# 1971 Thomasville desk



## buecherlcraftsman (Nov 2, 2010)

I have a question for all who restore old furniture. I have bought this Thomasville desk done in real wood, burl wood, and wood veneer. The top of this desk was destroyed and needs to be redone, but it had chit board on it with wood veneer, but i want to replace it with solid wood, but dont know it that would hurt the value. I have e-mailed thomasville on this piece i have to get more info and still waiting on them. At the bottom of the desk it had a piece of paper stapled to it explaining burl wood and how they build there furniture, also there is model number on it that im waiting for thomasville to tell me what it is. There is also a date on it that say 1971 under it. This is and wood jointed with poblar, cypress, oak, and burl wood


----------



## 240sxguy (Sep 13, 2010)

Very cool desk! Wish I could be of more help.


----------



## buecherlcraftsman (Nov 2, 2010)

lol its been fun researching this desk and i like it alot, just want to know my options on it.


----------



## cabinetman (Jul 5, 2007)

Furniture like that was common to have a particleboard substrate top. This especially true when it was done with veneers. Not that particleboard cheapened the piece, but it is very stable and makes a good substrate.

Desks like that, from companies like that did include at times information sheets with the piece describing certain details that were unique. It's not IMO, a collectors item, and reproducing the top could be done to your taste. If you care to keep its originality, re-use particleboard.
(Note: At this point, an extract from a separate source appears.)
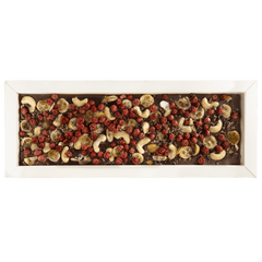 Fantasy dark chocolate bar 550 grs with cacao nibs, cashew nut, kumquat and redcurrant chunks

If it were my desk, I might do it that way, or, use a hardwood plywood with a solid wood edge.












 









.


----------



## buecherlcraftsman (Nov 2, 2010)

What would the value of this be if i did it original or if i did it with real wood? It had a dimiand pateran on it with 1/4 strips between. This is all real wood just a mix of it and wood venner over it.


----------



## buecherlcraftsman (Nov 2, 2010)

What would the value of this be if i did it original or if i did it with real wood? It had a dimiand pateran on it with 1/4 strips between. This is all real wood just a mix of it and wood venner over it. 




cabinetman said:


> Furniture like that was common to have a particleboard substrate top. This especially true when it was done with veneers. Not that particleboard cheapened the piece, but it is very stable and makes a good substrate.
> 
> Desks like that, from companies like that did include at times information sheets with the piece describing certain details that were unique. It's not IMO, a collectors item, and reproducing the top could be done to your taste. If you care to keep its originality, re-use particleboard.
> 
> ...


----------



## buecherlcraftsman (Nov 2, 2010)

lol its been fun researching this desk and i like it alot, just want to know my options on it. 




240sxguy said:


> Very cool desk! Wish I could be of more help.


----------



## CAFrye (Mar 15, 2009)

Beautiful desk and definitely a fun project. Personally, I seldom hear someone walk up to a piece of furniture and say, "WOW!!! That's beautiful!! In which year was it made?". That being said, I would simply replace top with whatever looks nice and fits the style. Use partical board with a wood trim or even a solid piece if you like, but I tend to agree with Cabinetman, it probably isnt a collector's item. Therefore, considering it's still beautiful and you could do the top and refinish the rest of it for minimal $, you may have something on your hands that you could sell for a considerable amount of money. Take a walk through your local furniture store and check out the prices of those heavy, old-school flat-top style desks. You may be able to turn a sweet profit for minimal expense.


----------



## buecherlcraftsman (Nov 2, 2010)

I have talk to Thomasville they said there cheapest desk now is $1000, and have also looked into the older pieces and by far they are not cheap. Thomasville is a middle but expensive piece, so i got it for a future sale or keep myself i only paid $100 for it. Hopefully down the road this could be something. Im new at this just found out a year ago that i have the talent to build and restore furniture just have alot to learn and you guys been alot of help.




CAFrye said:


> Beautiful desk and definitely a fun project. Personally, I seldom hear someone walk up to a piece of furniture and say, "WOW!!! That's beautiful!! In which year was it made?". That being said, I would simply replace top with whatever looks nice and fits the style. Use partical board with a wood trim or even a solid piece if you like, but I tend to agree with Cabinetman, it probably isnt a collector's item. Therefore, considering it's still beautiful and you could do the top and refinish the rest of it for minimal $, you may have something on your hands that you could sell for a considerable amount of money. Take a walk through your local furniture store and check out the prices of those heavy, old-school flat-top style desks. You may be able to turn a sweet profit for minimal expense.


----------



## jack warner (Oct 15, 2010)

i would put a new piece of veneer on what top you have after finishing the removal of the old. if you damage the pb ou can float it with bondo.


----------